In Photoshop, we prepared cortical bone profiles of the humeral sections by tracing the periosteal and endosteal surfaces of each histological montage and filling the area of the cortical bone white and the background black. To supplement our sample, we included a published cortical bone profile of the humerus from the bat Myotis myotis (Meier et al., 2013) as well as profiles scanned by microCT representing nine avian taxa (Simons, Hieronymus & O’Connor, 2011; ELR Simons, 2008, unpublished data). Cortical bone profiles were processed using BoneJ for ImageJ to calculate the cross-sectional geometric parameters of each specimen (Table 1). For this study, we primarily focused on the polar section modulus (Zp), which is an estimate of torsional rigidity and average bone bending rigidity (Ruff, 2002).
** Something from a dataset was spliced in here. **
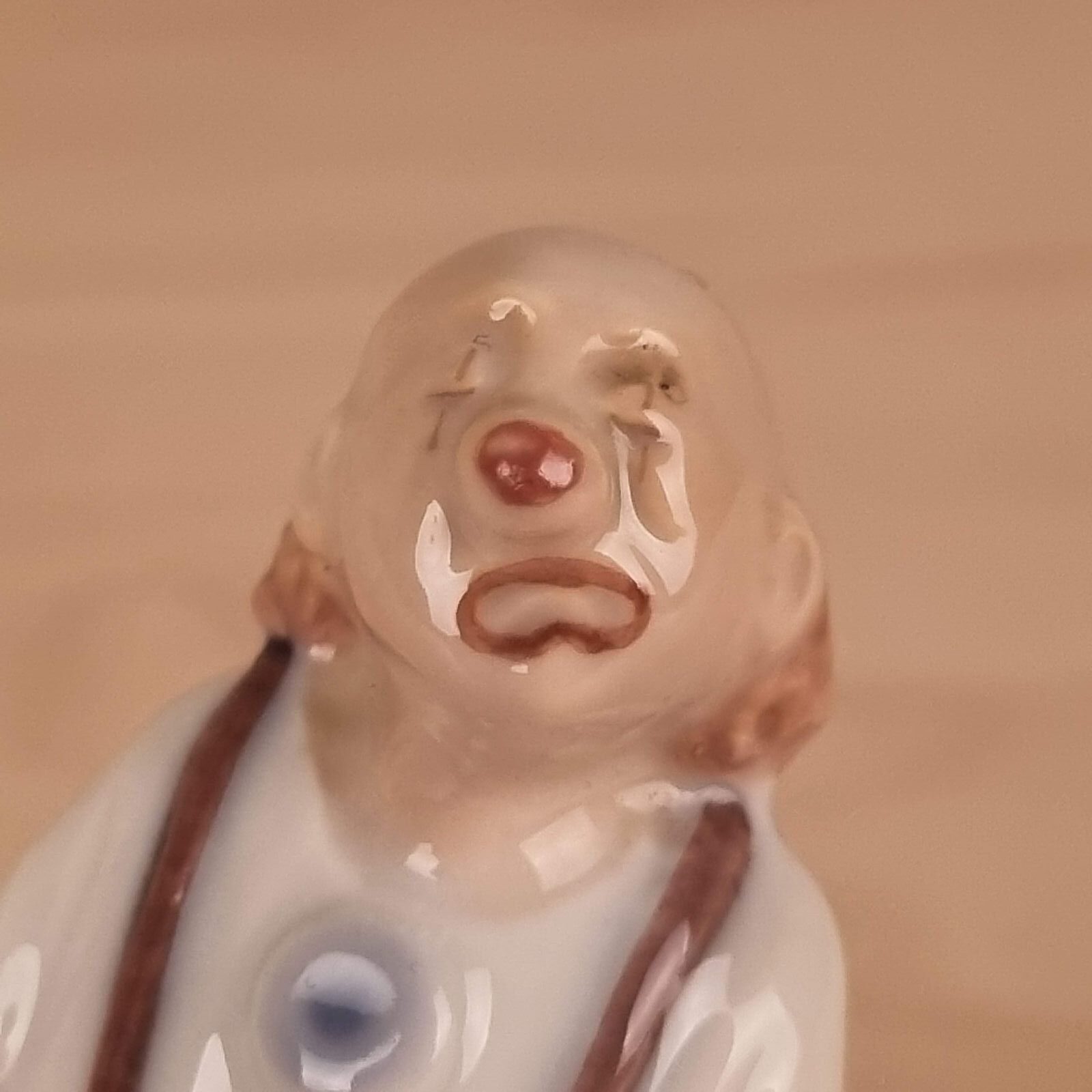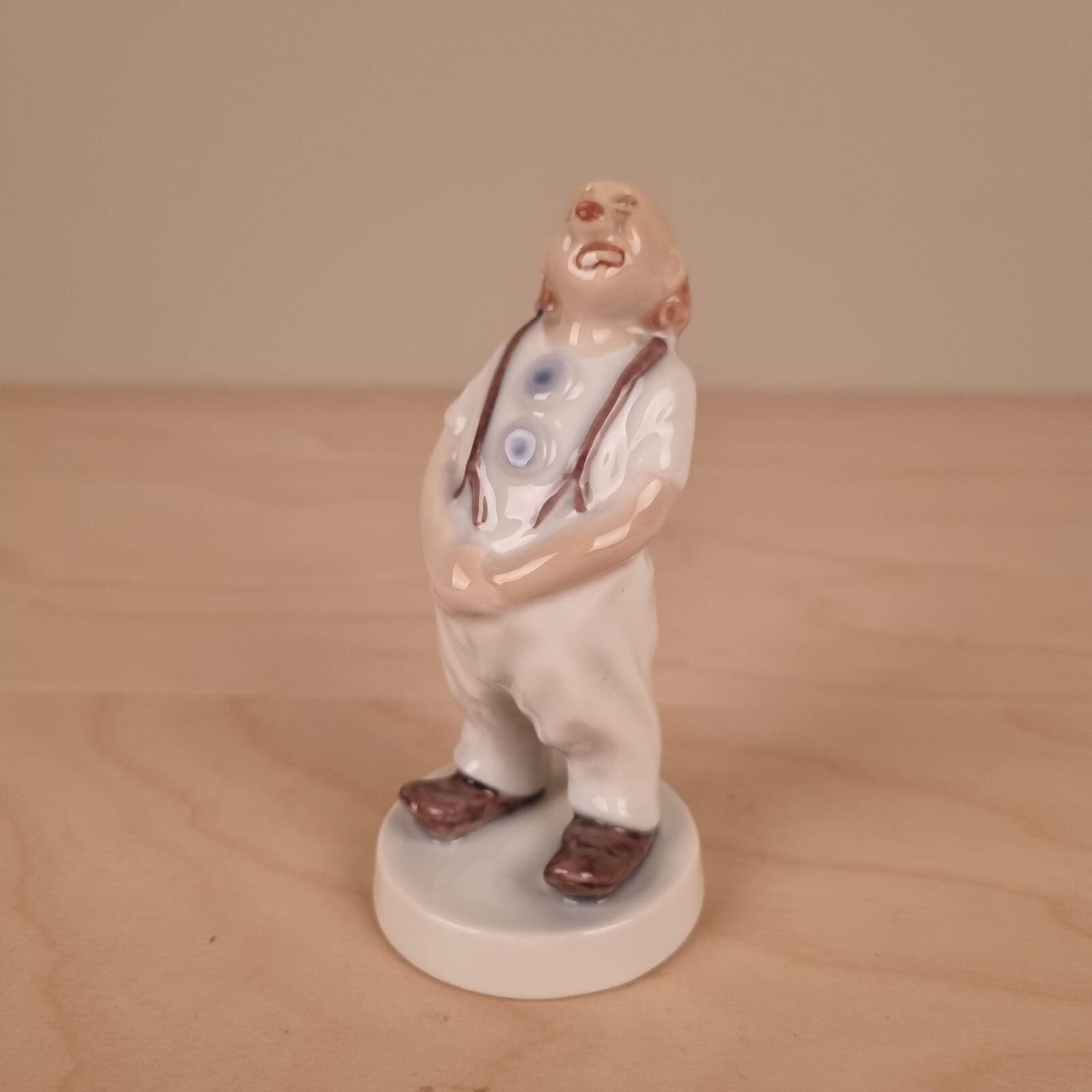 Lille figur forestillende en trist klovn, udført hos Bing & Grøndahl.

The torsional rigidity of a long bone is related to an applied torque (force and cross-sectional radius), material properties, length, and the geometric property called the torsion constant. When the cross-sectional profile of a long bone is nearly circular, the torsion constant is equal to the polar moment of area (J) (Craig, 2000). The same is true for Zp, which is J standardized by the cross-sectional radius (i.e., the moment arm). Because Zp is a better estimate of torsional rigidity when the transverse section of a bone is circular, we used a shape ratio (Imax/Imin: Table S2) to determine the degree of circularity (Daegling, 2002). Caution is recommended when a section is strongly elliptical, but even in a non-circular section, Zp can still be a heuristic estimate of overall torsional and bending rigidity (Ruff et al., 2013). To compare the torsional rigidity of humeri across bats and birds of different body and wing sizes, we regressed Zp against the product of body mass and total length of the humerus (e.g., Ruff, 2000; Stock & Shaw, 2007; Young, Fernández & Fleagle, 2010). Specimens without associated body mass data were assigned published mean values for the species (Kunz & Stern, 1995; Savage et al., 2004; Dunning, 2008; de Magalhaes et al., 2009). Values were log10-transformed before use in regression analysis.
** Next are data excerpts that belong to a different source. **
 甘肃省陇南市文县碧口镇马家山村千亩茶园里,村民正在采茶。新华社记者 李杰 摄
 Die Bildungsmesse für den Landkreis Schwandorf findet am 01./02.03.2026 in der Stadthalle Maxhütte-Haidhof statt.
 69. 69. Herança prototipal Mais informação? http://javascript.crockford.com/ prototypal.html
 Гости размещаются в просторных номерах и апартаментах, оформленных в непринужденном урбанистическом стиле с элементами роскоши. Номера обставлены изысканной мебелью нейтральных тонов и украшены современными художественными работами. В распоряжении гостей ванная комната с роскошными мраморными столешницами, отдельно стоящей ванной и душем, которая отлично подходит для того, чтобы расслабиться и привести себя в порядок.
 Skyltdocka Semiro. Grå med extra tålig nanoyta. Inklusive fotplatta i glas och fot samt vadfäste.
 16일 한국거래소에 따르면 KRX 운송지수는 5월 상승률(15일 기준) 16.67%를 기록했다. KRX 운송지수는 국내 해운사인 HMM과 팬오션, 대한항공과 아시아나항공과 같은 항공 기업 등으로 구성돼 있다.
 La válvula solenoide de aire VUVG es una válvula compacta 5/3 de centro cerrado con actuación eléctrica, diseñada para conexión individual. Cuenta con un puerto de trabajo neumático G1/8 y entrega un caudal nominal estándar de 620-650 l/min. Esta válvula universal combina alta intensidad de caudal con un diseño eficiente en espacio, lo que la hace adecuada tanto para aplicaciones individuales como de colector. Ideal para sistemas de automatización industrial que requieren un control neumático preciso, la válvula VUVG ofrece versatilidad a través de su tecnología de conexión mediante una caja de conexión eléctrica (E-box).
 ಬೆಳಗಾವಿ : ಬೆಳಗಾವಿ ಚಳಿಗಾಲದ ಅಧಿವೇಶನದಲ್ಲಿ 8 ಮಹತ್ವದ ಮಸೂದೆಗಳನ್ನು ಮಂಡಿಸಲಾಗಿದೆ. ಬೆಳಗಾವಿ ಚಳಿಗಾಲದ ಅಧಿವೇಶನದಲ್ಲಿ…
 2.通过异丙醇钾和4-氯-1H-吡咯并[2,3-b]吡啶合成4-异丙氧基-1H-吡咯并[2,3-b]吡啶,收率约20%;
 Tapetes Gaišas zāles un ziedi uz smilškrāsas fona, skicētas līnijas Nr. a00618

Phylogenetically informed scaling analyses (PISA)
Ordinary least squares (OLS) regression, which is commonly used in comparative scaling analyses, assumes that data points are statistically independent. This assumption, however, often is violated in comparative datasets because data points of closely related species are more likely to be similar to each other than to those of distantly related species. By failing to account for this phylogenetic pseudoreplication, an OLS analysis can either detect a significant trend where none exists (i.e., confidence intervals are overly narrow) or incorrectly specify the directionality of a significant trend (Nunn & Barton, 2001).
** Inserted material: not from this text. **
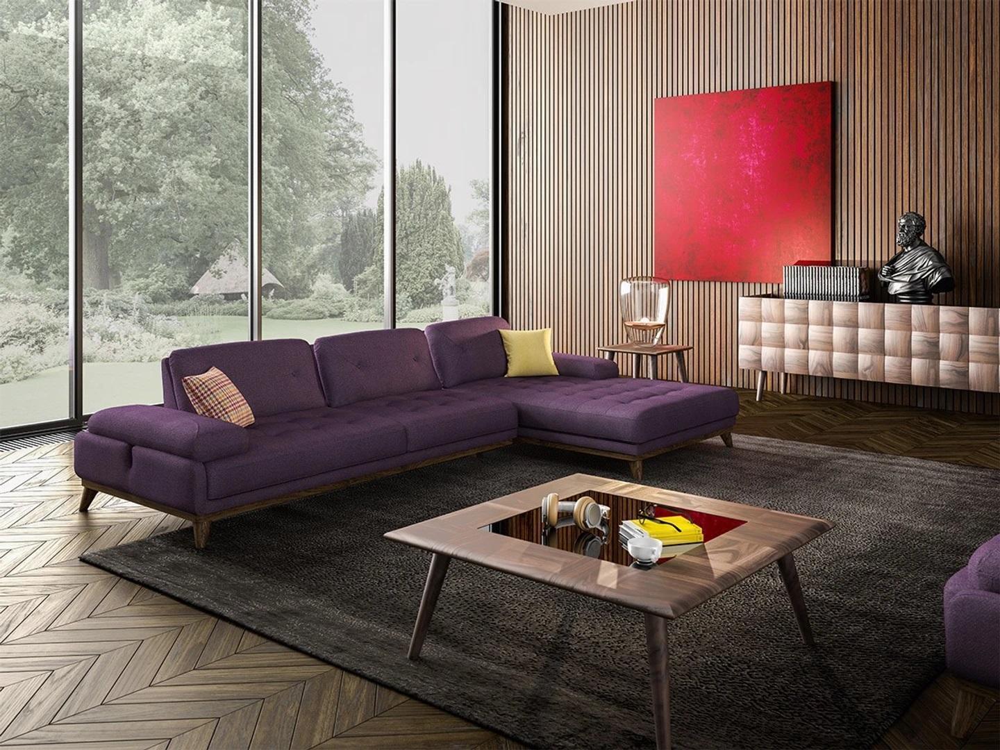 Lila stūra dīvāns L-formā dzīvojamajā istabā luksusa galdiņš Noslēgumu jauns komplekts Mēbeles
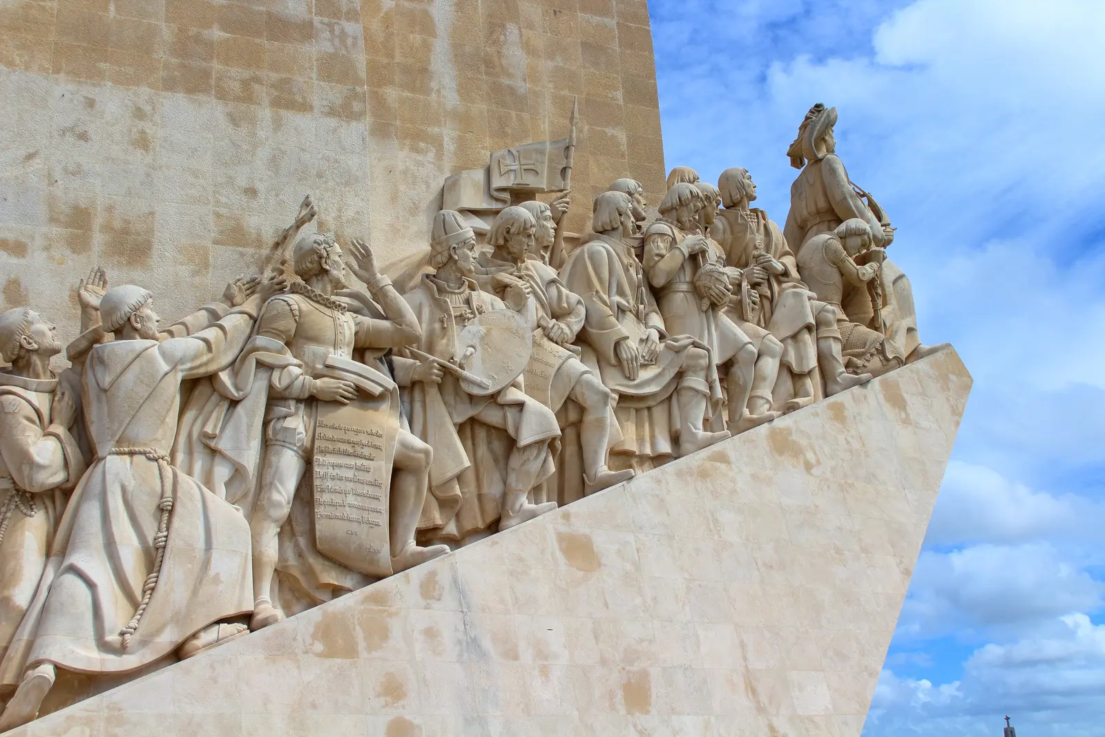Walking along its base, you begin to notice the extraordinary level of detail carved into the limestone. Figures of explorers, writers, missionaries, and navigators cascade down both sides, all angled forward as if propelled by purpose. Henry the Navigator leads the group, holding a model of a caravel, while behind him stand iconic figures such as Vasco da Gama, Ferdinand Magellan, Pedro Álvares Cabral, Bartolomeu Dias, and even Queen Philippa of Lancaster. Each sculpted face and robe feels alive with movement, giving the impression that the entire ensemble could take a step forward at any moment.

Recent advances in mammalian and avian systematics make it possible to incorporate phylogenetic information into scaling analyses of polar section modulus (Zp), relative growth rate (RGR), and mass-specific field metabolic rate (FMR). The most recent phylogenies of bats (Agnarsson et al., 2011; Tsagkogeorga et al., 2013) and supertree of birds (Davis & Page, 2014) either present a time-calibrated phylogeny of a small subset of sampled taxa or are completely uncalibrated to geological time. Therefore, we used older time-calibrated supertrees of mammals (Bininda-Emonds et al., 2007) and birds (Jetz et al., 2012). Both supertrees were pruned to match our taxonomic sampling of bats and birds, respectively, in R (R Development Team, 2014) with the “ape” package (Paradis, Claude & Strimmer, 2004). Polytomies were broken and replaced with zero-length branches (Martins & Hansen, 1996).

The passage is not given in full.